Ce qui fait débat, c’est surtout l’application concrète de la loi et des règlements. Des reportages et enquêtes montrent que, malgré l’existence de la loi antisexisme, les poursuites restent rares et le harcèlement de rue est difficile à prouver, notamment parce que les faits sont souvent rapides, en l’absence de témoins, et que beaucoup de victimes ne déposent pas plainte[2].

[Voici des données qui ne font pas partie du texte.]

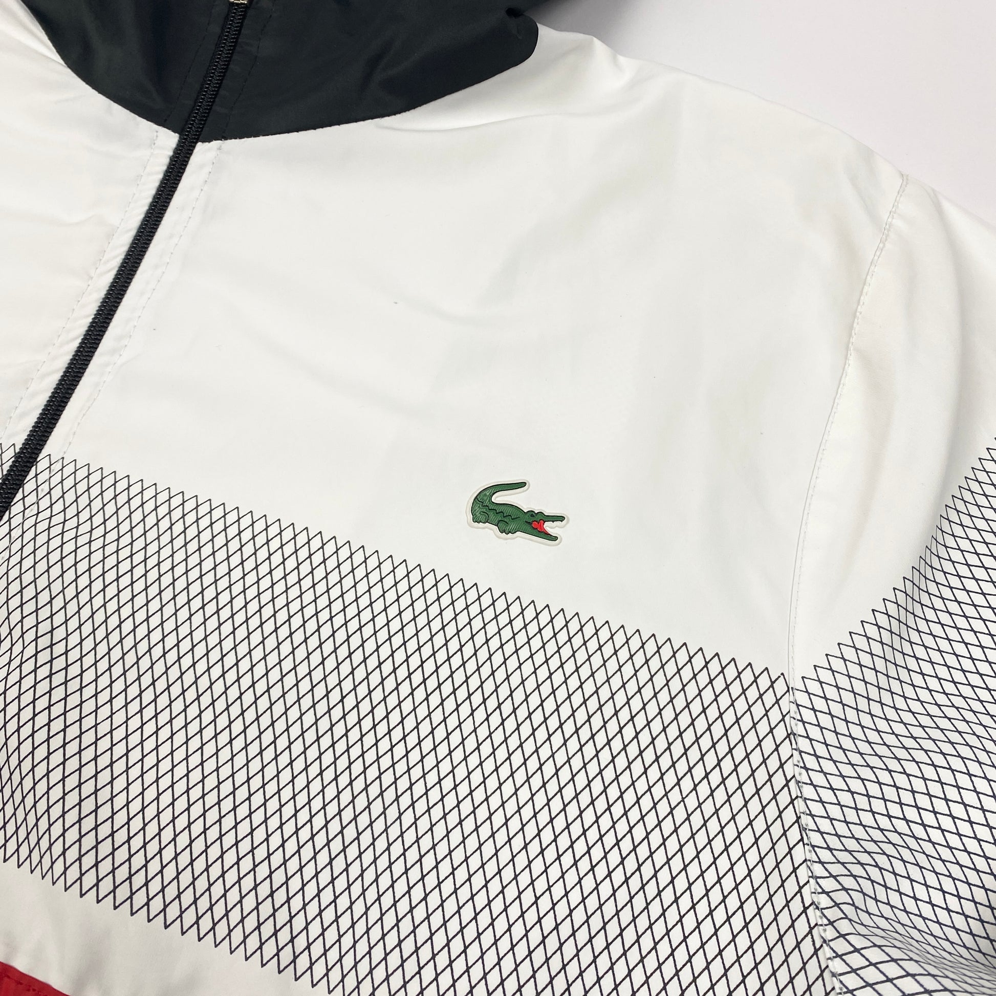 - Lacoste lettering on the sleeve

Des questions se posent aussi sur la formation de la police et des autres services : est-ce qu’ils sont suffisamment outillés pour reconnaître le harcèlement de rue, entendre les victimes et utiliser les outils juridiques existants ? Des organisations féministes et de défense des droits humains demandent régulièrement plus de sensibilisation, plus de statistiques publiques détaillées et une meilleure coordination entre les communes, la Région, la police et la justice pour que la loi ne reste pas symbolique[3][6].

Enfin, un autre débat porte sur la frontière entre « drague » et harcèlement : les études et les campagnes de sensibilisation insistent sur le fait que le critère central, c’est le consentement et le respect. Un comportement répété, non désiré, qui humilie, intimide ou fait peur n’est pas de la drague, mais du harcèlement, et peut tomber sous le coup de la loi[4][5].

POUR ALLER + LOIN

Si tu veux creuser, plusieurs ressources belges peuvent t’aider :

  • Safe.brussels : pour les chiffres récents sur le harcèlement de rue à Bruxelles et les actions menées par la Région[8].
  • Institut pour l’égalité des femmes et des hommes (IEFH/IGVM) : pour les études sur les violences liées au genre en Belgique et les informations sur la loi contre le sexisme[6].
  • Plan International – Safer Cities : pour comprendre comment le harcèlement de rue touche les jeunes de 15 à 24 ans dans les grandes villes belges[1].
  • Associations féministes et d’éducation permanente bruxelloises (par exemple Garance ou Le Monde selon les femmes) : pour des brochures, des ateliers et des formations sur le harcèlement dans l’espace public et les façons d’y réagir[4][5].

Et si tu es victime ou témoin, tu peux aussi te tourner vers les services locaux (maisons de justice, centres de planning familial, associations d’aide aux victimes, maisons de quartier) qui connaissent bien le contexte bruxellois et peuvent te orienter vers un soutien juridique, psychologique ou social.